It's funny that a game about racial warfare with no way to seek peaceful coexistence could exclude "offensive content." Not that I don't cheerfully and shamelessly enjoy such games; I do. And I haven't played a sexually themed game since Leisure Suit Larry 2 when I was thirteen. I just think it's funny that they could get so worked up over penises that they would go beyond placating obnoxious prudish customers and actually advance the state of the art in prudery. Why in the world would they bother? Are they really that horrified by game mods containing nudity, or are they just control freaks?
P.S. What is the deal with "penis maps" anyway? Do people upload cool-looking maps that you enjoy until you're almost done and then BAM you get ambushed by a horde of huge, veiny penis monsters?

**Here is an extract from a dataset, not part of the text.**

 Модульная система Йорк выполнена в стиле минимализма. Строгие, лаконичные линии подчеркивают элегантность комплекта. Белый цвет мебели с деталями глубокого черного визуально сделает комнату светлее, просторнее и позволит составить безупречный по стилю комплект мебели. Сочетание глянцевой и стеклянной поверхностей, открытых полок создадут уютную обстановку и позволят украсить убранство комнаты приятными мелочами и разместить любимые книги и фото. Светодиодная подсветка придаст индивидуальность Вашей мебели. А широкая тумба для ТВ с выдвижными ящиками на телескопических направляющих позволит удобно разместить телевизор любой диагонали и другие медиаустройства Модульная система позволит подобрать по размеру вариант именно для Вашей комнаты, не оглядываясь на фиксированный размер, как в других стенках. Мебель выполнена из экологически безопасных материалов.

The file size limitation is the killer, if you ask me. Starcraft and Warcraft III both had huge mod communities which produced astounding content. In at least two cases, entirely new genres of gameplay: the tower-defense genre began with Starcraft mods, and the WC3 mod "Defense of the Ancients" has inspired several similar standalone games. Anything that limits the capabilities of mod designers is bad in my book.
Sorry no: Tower Defense games began in 1990 when Atari Games released Rampart.[6] Early tower defense games later began to appear post-1997 in minigames for other platforms, such as Final Fantasy VII. By 2000, maps for StarCraft, Age of Empires II, and WarCraft III were following suit.[7] (http://en.wikipedia.org/wiki/Tower_defense)

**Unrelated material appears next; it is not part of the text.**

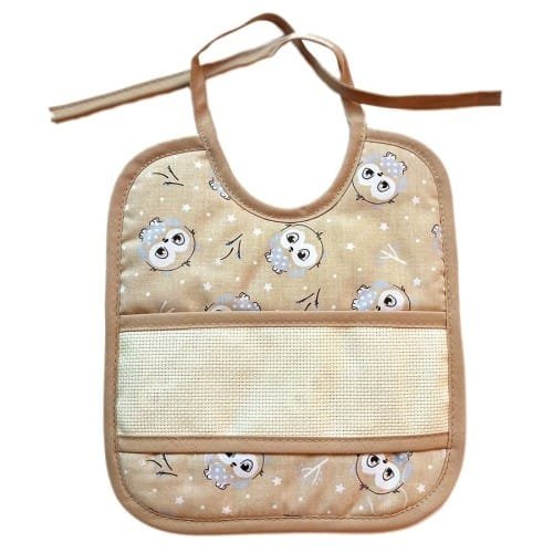 Babero Búhos Gris y Tostado para Bebé

Well tower defense was indeed further defined and expanded in warcraft 3 where it saw its biggest market, and this just further supports modding of games. DOTA however is from wc3 and it is especially amazing that there have been two independent games made from it, as well as many other interesting game types.
Good point! I guess I never thought of those games as being quite the same thing, but clearly they're genetic ancestors in the "build-defend loop" family.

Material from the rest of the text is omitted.